De oosterse kakkerlak (Blatta orientalis) wordt beschouwd als een van de smerigste plaaginsecten in huis. Hij is ovaal, glanzend zwart of donkerbruin, en 25 tot 30 mm lang, met een levenscyclus die lijkt op die van de Amerikaanse kakkerlak. Het mannetje heeft korte, volledig ontwikkelde vleugels, en het vrouwtje heeft rudimentaire vleugels. Deze kakkerlak is vanuit Azië over alle gematigde streken verspreid.
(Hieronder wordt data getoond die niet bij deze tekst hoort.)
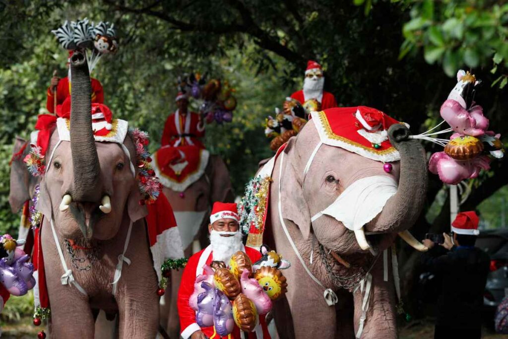 La foto del giorno, gli elefanti vestiti da Babbo Natale che portano regali ai bambini in Thailandia (foto ANSA) - Blitz quotidiano

Houten kakkerlakken zijn, ondanks hun naam, geen plaagdieren in het oosten en midden van Noord-Amerika. De Pennsylvania-houtkakkerlak (Parcoblatta pennsylvanica) wordt gevonden onder boomstammen en stenen in noordelijke breedtegraden. Het mannetje en het vrouwtje zien er zo verschillend uit dat ze ooit als aparte soorten werden beschouwd. Het mannetje, 15 tot 25 mm lang, heeft vleugels die tot voorbij het achterlijf reiken. Het vrouwtje is kleiner en heeft veel kortere vleugels. De bruinharige kakkerlak (Cryptocercus punctulatus) verteert hout met behulp van bepaalde protozoën in zijn spijsverteringskanaal.
Sommige autoriteiten beschouwen kakkerlakken als een suborde van ofwel de orde Orthoptera (sprinkhanen, krekels en katydiden) ofwel de orde Dictyoptera (bidsprinkhanen en kakkerlakken).